Alicia Mccarvell is sharing her advice for self-confidence.
On Saturday, the Canadian self-love advocate and influencer shared an Instagram reel reenacting a conversation in which she was questioned for being confident in her size. Alongside the clip, she shared a message revealing the steps she took to become confident in herself.
"For the longest time, I struggled to find my confidence because I felt like confidence was solely linked to how close my body was to fitting into the world's beauty standards," she penned in the caption. "For me confidence comes from a few different places."
Mccarvell said she was able to begin building her confidence by first separating personal identity from physical appearance. "I found confidence in knowing what I add to this world and to my relationships," she added.
The Halifax-based influencer also began following content creators with a body type similar to hers.
"The lens in which we see others, are not the same as the lens we see ourselves. You need to give it time," Mccarvell stated. "Continuing to follow people who look like you, and whose bodies you resonate with will allow those lenses to overlap eventually."

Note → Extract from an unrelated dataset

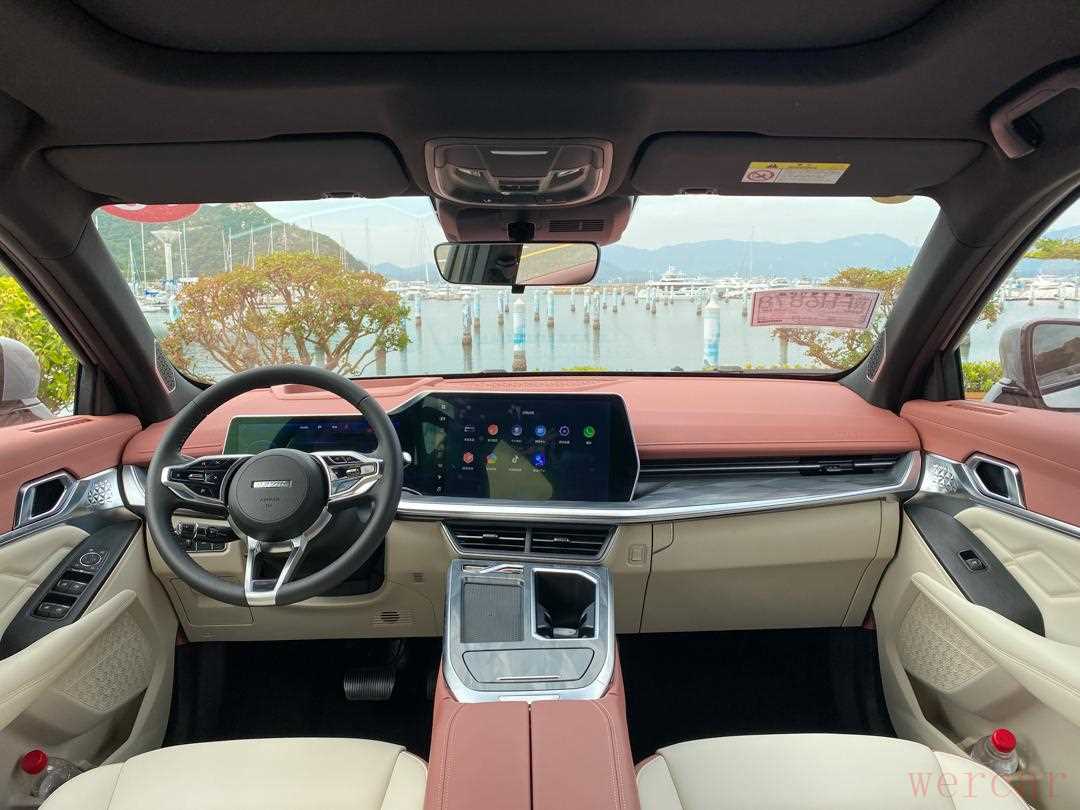 如果说外观已经有一定的视觉冲击力,那么哈弗神兽的内饰更是会让你吃惊的,因为它彻底抛弃了其他哈弗车型上的造型设计,而是采用了由12.3+14.6英寸双联屏所主导的布局,在去按键化及活跃的配色加持下,整体有着不错的科技感。

Mccarvell said she used to hide her body in "baggy clothes" and "layers of makeup" as a "way of hiding." Wearing clothes that make her feel good has been a key element in building her confidence.

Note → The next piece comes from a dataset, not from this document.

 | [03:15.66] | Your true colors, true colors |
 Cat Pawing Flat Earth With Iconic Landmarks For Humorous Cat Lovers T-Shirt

Finally, Mccarvell added exercising helped her feel good about her body. "Learning how to lift heavy things and find joy in movement has given me so much confidence. When you learn what your body is capable of, it's hard to not to be confident in it," she shared.

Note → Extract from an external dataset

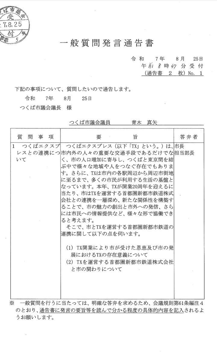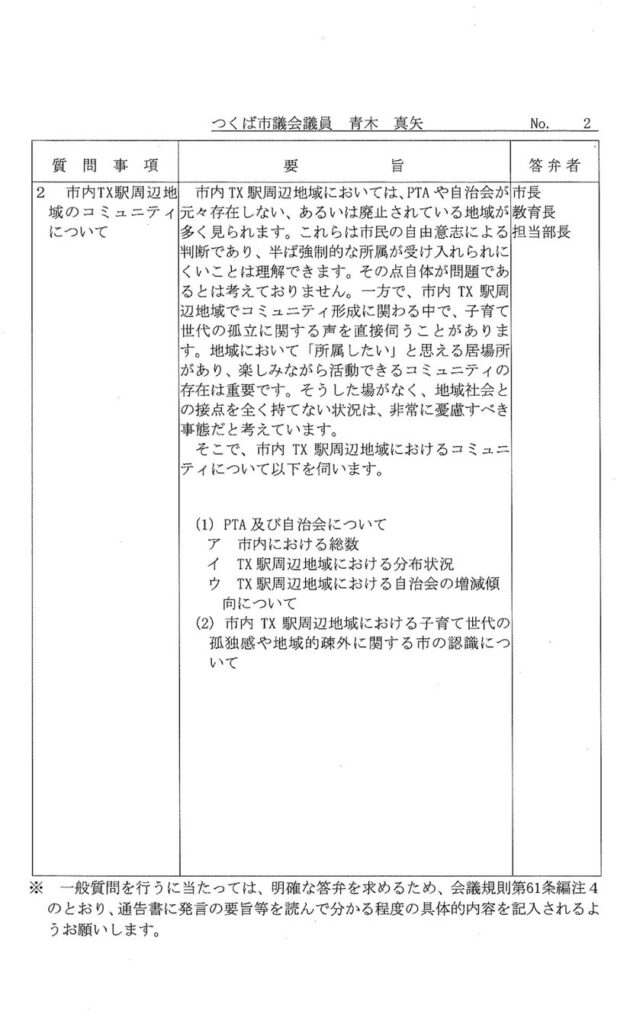 今回の私の一般質問の通告内容は、【つくばエクスプレスとの連携について】および【市内TX駅周辺地域のコミュニティについて】です。

Fans met Mccarvell’s message with praise and thanked her for sharing the important reminder.
"What a boring world this would be if all the flowers were the same shape, colour and size," someone said.
“I needed this inspiration,” a fan wrote.
“Thank you for continuing to show us how to accept that we are beautiful how we are,” someone chimed in.
“Love your content and the way you make everyone feel valued! It has certainly made me look at myself differently,” penned another.
In April, Mccarvell shared a video mulling over outfit choices, paired with a note about dressing how she wants, not in what's "flattering" for her body type by societal beauty standards.
"I am trying really hard to move away from making decisions for my clothing based on how flat my stomach looks, or how outlined my belly is or if you can see my belly button," she wrote. "I'm now trying to choose the things that make me feel confident, sexy and happy."